# ABOUT THIS EXERCISE
Make a verbatim copy of the entries below; pictures stay out.

__________

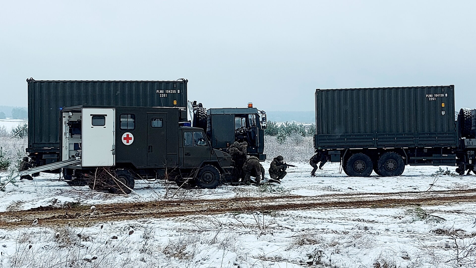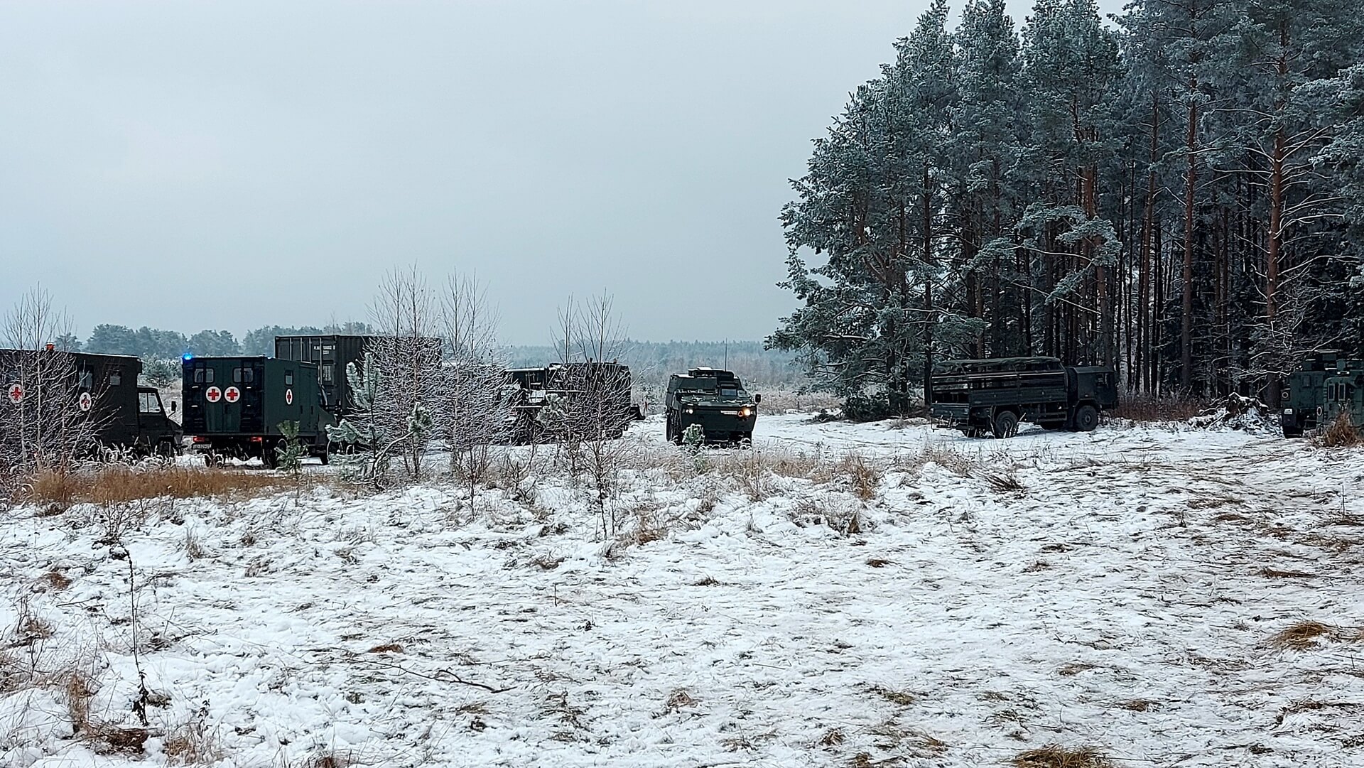 Napad na konwój i pomoc poszkodowanym żołnierzom - tak wyglądał scenariusz ćwiczeń wojskowych, które odbyły (25.11) się w okolicach miejscowości Płociczno na Suwalszczyźnie.
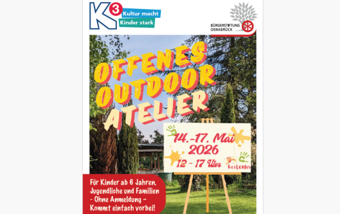 Im Rahmen des K3-Projektes der Bürgerstiftung Osnabrück lädt Jessica Fleming zum Offenen Outdoor-Atelier für Kinder ab 6 Jahren ein. Das Projekt findet an vier Tagen vom 14. bis ...
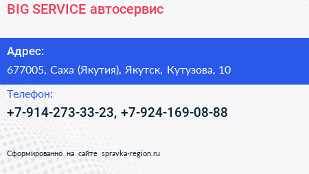 BIG SERVICE, автосервис по адресу 677005, Саха (Якутия), Якутск, Кутузова, 10 в дальнейшем Организация, размещена в следующих категориях:
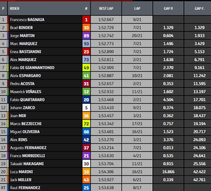 Balapan sendiri sempat terganggu dengan masalah yang dialami Raul Fernandez usai warm up lap.
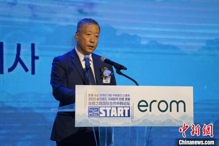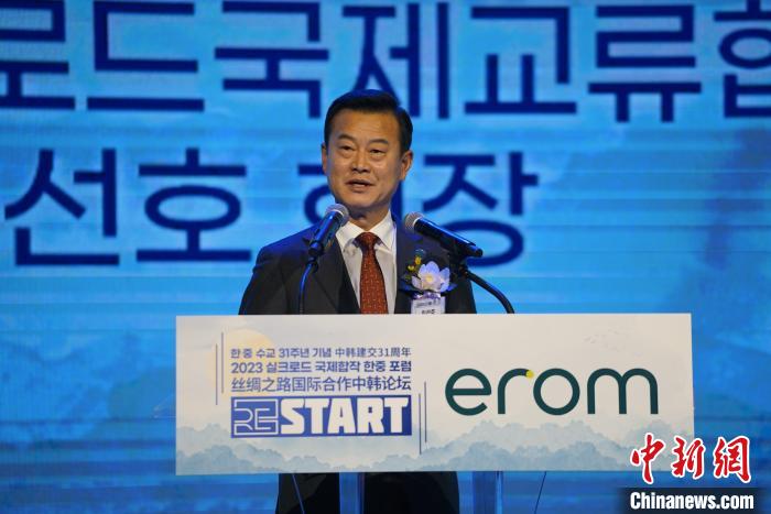 圖為(wei) 韓中絲(si) 綢之路國際交流協會(hui) 會(hui) 長李先虎致辭。中新社記者 劉旭 攝
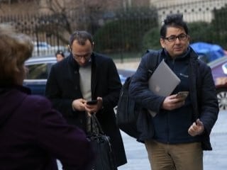 FETÖ üyelerinin sosyal medyada Türkiye aleyhinde karalama kampanyasına dönüştürdüğü duruşmaların cuma günkü bölümünün ardından salonun dışında Periscope’tan yayın da yapan Emre Uslu ile Adem Yavuz Arslan, AA ekibi tarafından görüntülendi.
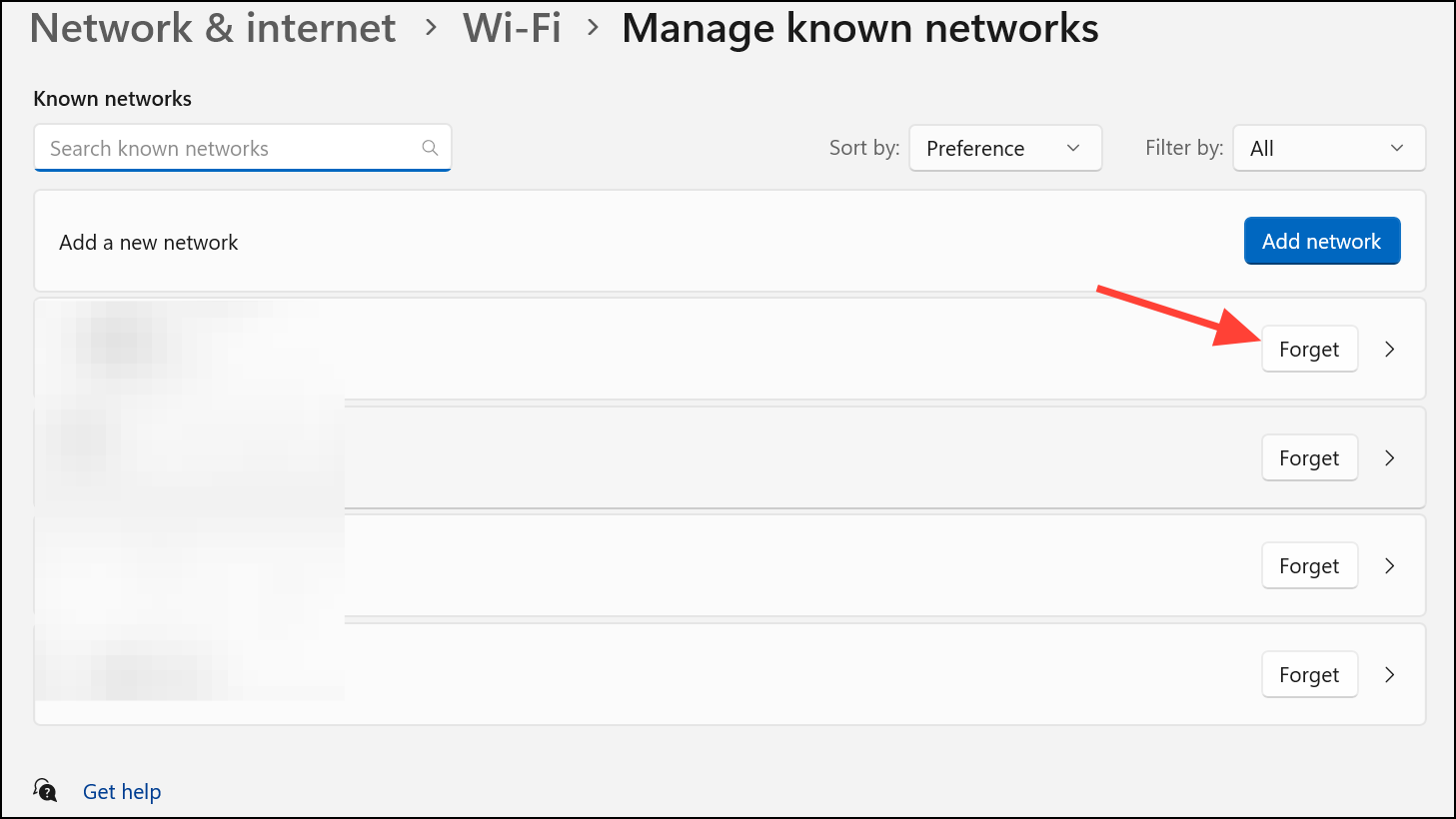 Vuelva a conectarse u olvídese y vuelva a unirse a la red WiFi
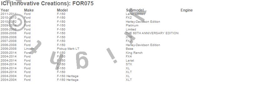 Brand: ICI (Innovative Creations)Part Number: FOR075Fender Molding Type: 4 pcs. - Full FitUPC: 845426020122

__________

# OUTPUT BELOW
 Napad na konwój i pomoc poszkodowanym żołnierzom - tak wyglądał scenariusz ćwiczeń wojskowych, które odbyły (25.11) się w okolicach miejscowości Płociczno na Suwalszczyźnie.
 Im Rahmen des K3-Projektes der Bürgerstiftung Osnabrück lädt Jessica Fleming zum Offenen Outdoor-Atelier für Kinder ab 6 Jahren ein. Das Projekt findet an vier Tagen vom 14. bis ...
 BIG SERVICE, автосервис по адресу 677005, Саха (Якутия), Якутск, Кутузова, 10 в дальнейшем Организация, размещена в следующих категориях:
 Balapan sendiri sempat terganggu dengan masalah yang dialami Raul Fernandez usai warm up lap.
 圖為(wei) 韓中絲(si) 綢之路國際交流協會(hui) 會(hui) 長李先虎致辭。中新社記者 劉旭 攝
 FETÖ üyelerinin sosyal medyada Türkiye aleyhinde karalama kampanyasına dönüştürdüğü duruşmaların cuma günkü bölümünün ardından salonun dışında Periscope’tan yayın da yapan Emre Uslu ile Adem Yavuz Arslan, AA ekibi tarafından görüntülendi.
 Vuelva a conectarse u olvídese y vuelva a unirse a la red WiFi
 Brand: ICI (Innovative Creations)Part Number: FOR075Fender Molding Type: 4 pcs. - Full FitUPC: 845426020122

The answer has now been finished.